What we choose to fight is so tiny!
What fights us is so great!
If only we would let ourselves be dominated
as things do by some immense storm,
we would become strong too, and not need names.

When we win it's with small things,
and the triumph itself makes us small.
What is extraordinary and eternal
does not want to be bent by us.
I mean the Angel who appeared
to the wrestlers of the Old Testament:
when the wrestler's sinews
grew long like metal strings,
he felt them under his fingers
like chords of deep music.

Whoever was beaten by this Angel
(who often simply declined the fight)
went away proud and strengthened
and great from that harsh hand,
that kneaded him as if to change his shape.
Winning does not tempt that man.
This is how he grows: by being defeated, decisively,
by constantly greater beings.

I know little of Garfield, but that he was in The Social Network and was one of the Spidermans, but the few interviews I've heard with him have shown him to be thoughtful and intelligent. His thoughts on grief are particularly admirable. If you enjoyed the above, you might appreciate his interview with Marc Maron from a few years ago.


The Return of the David Lynch Presents Interview Project

I've been working on an essay about David Lynch's Mulholland Drive forever, it seems. Since it's still not done, I give you this instead.

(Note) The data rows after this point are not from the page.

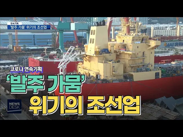 ◀ANC▶코로나19가 울산 경제에 미치는 여파를 짚어보는 연속기획 순서입니다오늘은 코로나발 글로벌 수주 절벽 끝에서 있는 조선업계의 속사정을 짚어봅니다.이용주 기자. ◀END▶ ◀VCR▶ 코로나19 장기화와 국제유가 급락으로전 세계 선박 발주가 얼어붙었습니다.투명cg) 영국 조선해운시황 분석기관클락슨리서치에 ...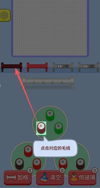 1、点击彩色毛线球,将其投入下方对应颜色的管道,就能完成基础消除操作。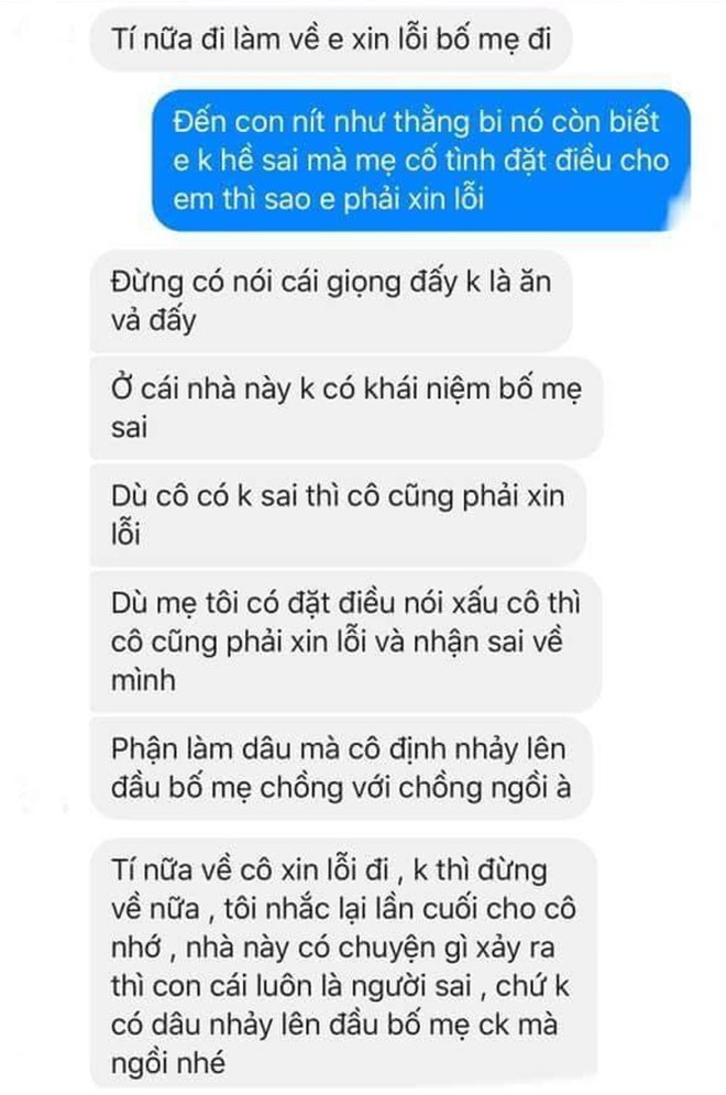Có vẻ như nàng dâu trẻ này đang có chút mâu thuẫn với mẹ chồng và cô cho rằng mọi chuyện là do mẹ chồng cố tình đặt điều chứ cô không hề sai nên không muốn xin lỗi.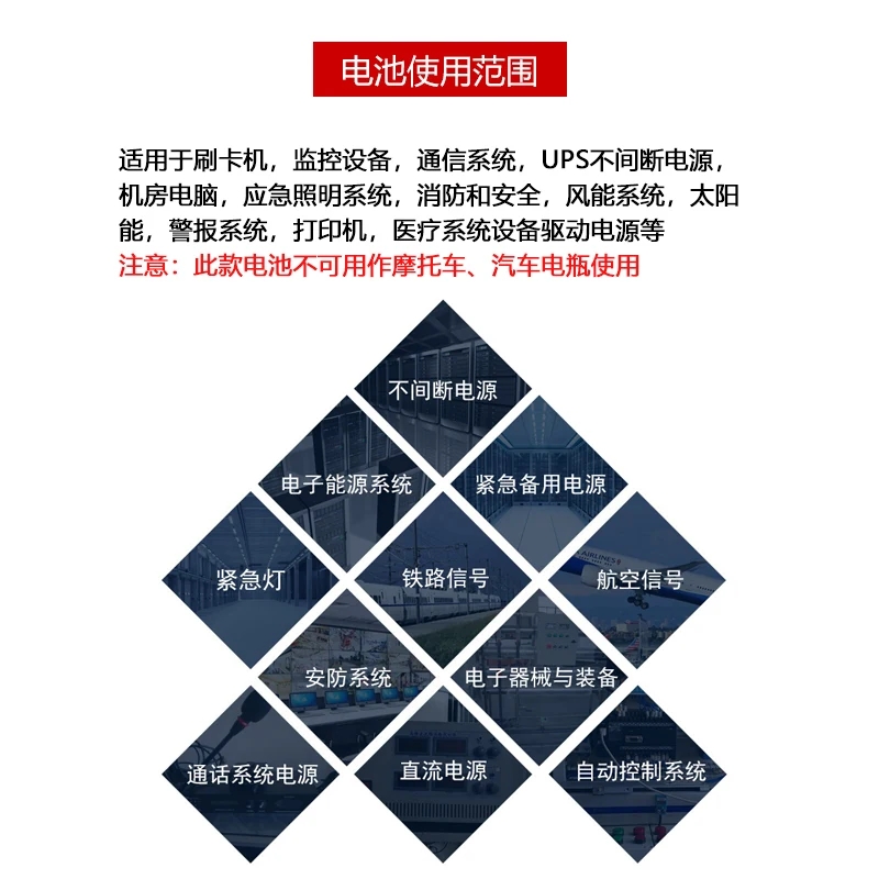 主要应用领域:通讯及电力设备; 紧急照明器材; 警示系统; 各种测距仪器; 办公室电脑、微电脑处理机及OA设备; UPS/EPS电源; 变、发电站紧急电源系统; 医疗器械; 便携式电源、录放机、收音机等; 电动玩具、割草机、吸尘器等各种电动工具; 摄像机; 手提式测量留言

David Lynch Presents Interview Project is a 20,000 mile road trip where 121 people were found at random and interviewed. Those interviews were edited into short films and showcased on David Lynch's website. When david took his site down the Interview Project material was also taken down. To commemorate the 15 year anniversary of the original launch of the series in 2009, the Interview Project Team has decided to re-release all 121 of the original episodes in hi definition here on YouTube.